Page MenuHomePhabricator

[Phabricator] Expose a project's removed tasks through Conduit
Closed, DeclinedPublic5 Estimated Story Points

Description

In order to generate meaningful burnup charts we need to know which tasks have been in a Phabricator project at any given time and retrieve this information from Conduit. This can be done by exposing project transactions e.g. through a Conduit method called “project.gettransactions” similar to the existing “maniphest.gettasktransactions”. Since projects tend to have a lot more transactions than tasks do, it might be desirable to limit the returned transactions to a subset in order to avoid performance issues. In our case this subset would contain all transactions concerning tasks being moved into and out of the project.

Event Timeline

Jakob_WMDE raised the priority of this task from to Needs Triage.
Jakob_WMDE updated the task description. (Show Details)
Jakob_WMDE added a project: Phragile.

@Christopher if I remember correctly you already looked into this while working on the sprint extension. It would be great if you could add your thoughts/concerns on this!

ksmith set Security to None.
ksmith moved this task from Backlog to Need Discussion on the Phabricator (Upstream) board.

This request is tied to a specific WMF initiative ("better predictive reporting"), and has funding available for the paid prioritization program.

I can definitely help with this. First, a Project does not contain tasks. A task contains projects. So, perhaps the question/problem is to find "for a task X what projects were assigned to it at time T". Also, refer to https://secure.phabricator.com/T6771 where @epriestley describes their disposition on this kind of query. Tomorrow, I will take a close look at what is possible to extend the queries I have developed in the Sprint extension into conduit.

@Christopher: Thanks for the info and link.

We really need a project-centric query, not a task-centric query, because the question is "what tasks were associated with this project at time T?" We wouldn't know which tasks to ask about, because any task in the system could theoretically have been in our project of interest at some point in time.

Also, I think we'll have better luck upstream with a generic request ("List all transactions of type X that mention project P") than a specific one ("List all tasks that have ever been in project P", or "List the tasks that were in project P at time T"). With the raw transaction data, we can re-construct the history that we need.

From a technical standpoint, would it be possible for some phabricator instances to have indexes that other instances do not? Or must indexes be defined statically at package build time, and thus must apply to all instances?

@ksmith, if you are certain you need something developed upstream and you have the funds for it, the best is to report upstream directly and keep this task as a note to ourselves.

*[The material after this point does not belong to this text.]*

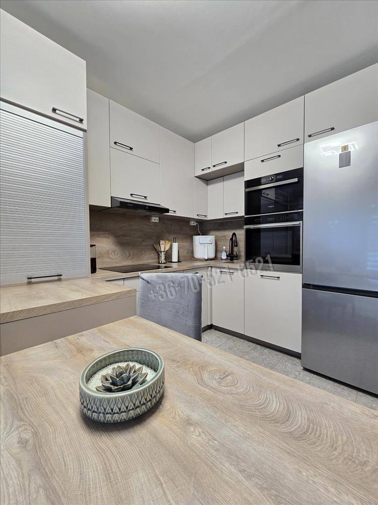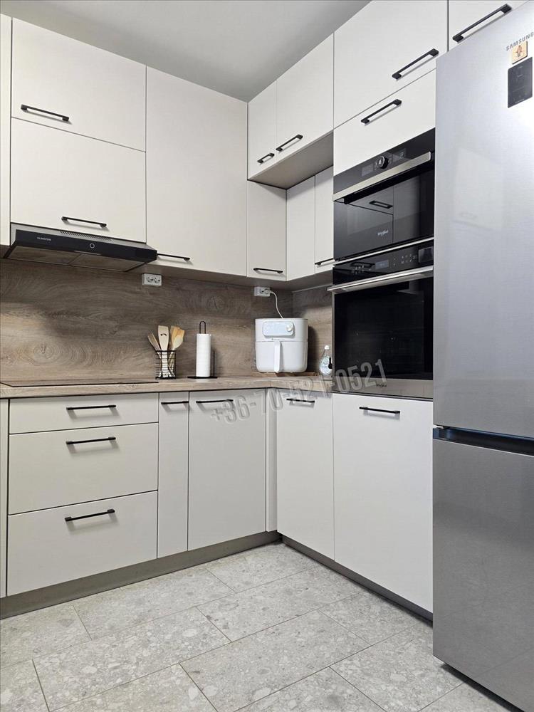 Konyhája, minden igényt kielégítve, praktikusan lett kialakítva. a sütő, mikró elérhető magasságban. Konyhabútorba rejtett, redőnyös tároló, beépített vízszűrő, szagelszívó, indukciós főzőlap, és mosogatógép is beszerelésre került.

To touch on this from the upstream perspective:

In general, you can implement new Conduit methods as extensions by copy/pasting a similar method, dropping your new file into phabricator/src/extensions/, and restarting Phabricator. Obviously, there are a lot of tradeoffs to doing this, but this is one of the least-fragile ways you can extend Phabricator and pull data out of it. We usually don't want these in the upstream, but I'm happy to sanity check them if you want to make sure nothing policy-violating / horribly bad is happening (see https://secure.phabricator.com/D13066 for a recent example from another install). I mention this just as a baseline alternative since the rest of the upstream perspective involves laying a bunch of foundation.

To this specific request, no transactions exist on projects to record when tasks were added to or removed from a project, so there's no row in the database to query. There are both technical and product reasons for this: long-lived projects would have millions of those transactions, the transactions usually aren't interesting to humans when viewing the project, and other product features like Feed generally better serve most of the use cases for tracking project activity.

The way we want to move burndown charts forward in the upstream is through the Facts application (see https://secure.phabricator.com/T1562). For project adds/removes, the specific plan is to derive these events with a "fact extractor", which is part of the Facts ETL pipeline. I wrote some code for this about a year ago (see https://secure.phabricator.com/T5051#59359), albeit as a standalone extension rather than an extractor, and it seems to work properly (I have an extractor version of this locally):

Screen_Shot_2014-05-16_at_4.20.51_AM.png (1×1 px, 262 KB)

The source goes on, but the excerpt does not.